Piano Concerto No. 4 in G major Op. 58 (1806) [34:28] º
Camille SAINT-SAËNS (1835-1921)
Piano Concerto No. 2 in G Minor Op. 22 (1868) [23:05] ¹
Heitor VILLA-LOBOS (1887-1959)
Prole do bebê Book 1 (1918)
Moreninha [1:32]: A Pobresinha [1:24]: O Polichinello [ 1:25] ²
Fryderyk CHOPIN (1810-1849)
Etude in E minor Op.25 No.5 [3:18] ²
Scherzo in B flat minor Op.31 [10:06] ³
Artur Rubinstein (piano)
LPO/Antal Dorati – rec. live, Royal Festival Hall, London, December 1967 º
BBC Symphony Orchestra/Rudolf Schwarz – rec. live, Royal Festival Hall, London, November
1957 ¹
rec. BBC Studios, London, November 1958 ²; live, Royal Festival Hall, London, December 1968 ³
BBC LEGENDS BBCL 4216-2 [76:38]


More live material from the BBC gives us the fruits of a quartet of dates given by Rubinstein in London. The earliest was the RFH 1957 Saint-Saëns G minor with Rudolf Schwarz followed by the 1958 studio Villa-Lobos and Chopin Etude.
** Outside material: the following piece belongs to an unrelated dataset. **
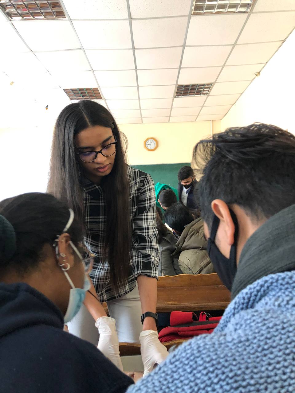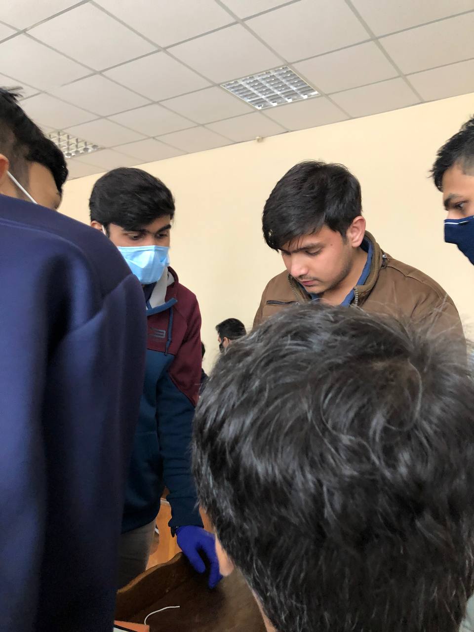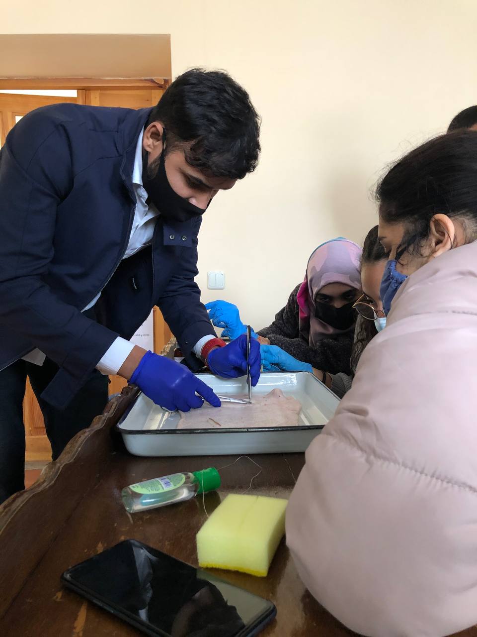 Спочатку студенти вивчали те, як правильно робити хірургічні вузли, як використовувати хірургічні інструменти. Після цього вони перейшли до практичної частини заняття і накладали шви на свинячу шкіру.

Nearly a decade later we have the Beethoven G major concerto and from 1968 we’re back at the RFH hear the Chopin Scherzo.

You don’t need to be a Rubinstein specialist to know that none of the works is within a country mile of an addition to his discography. The Beethoven concerto survives in a number of different performances – the 1947 RPO/Beecham was followed by the Symphony of the Air/Krips traversal of 1956, the Boston/Leinsdorf (1964) and the final studio reading with the LPO and Barenboim in 1975. A 1951 NYPSO/Mitropoulos has happily done the rounds, and indeed this BBC performance has itself been out before on Hunt 567. The Saint-Saëns was also a work long associated with the pianist; he was a selective performer of the Frenchman’s music and only ever recorded the Second, with the Symphony of the Air, this time under Wallenstein in 1958 and later with the Philadelphia and Ormandy in 1969. A live NYPSO/Mitropoulos, this time from 1953, has also circulated. As for the Villa-Lobos he recorded the same three pieces from Book I of Prole do bebê back on 78s in 1931, Nos. 6 and 7 in 1941, Nos. 2, 6 and 7 in 1961 and No. 7 in 1964. His Chopin recordings are, after some of these lesser-known affairs, part of his canonic repertoire and hardly need reprising.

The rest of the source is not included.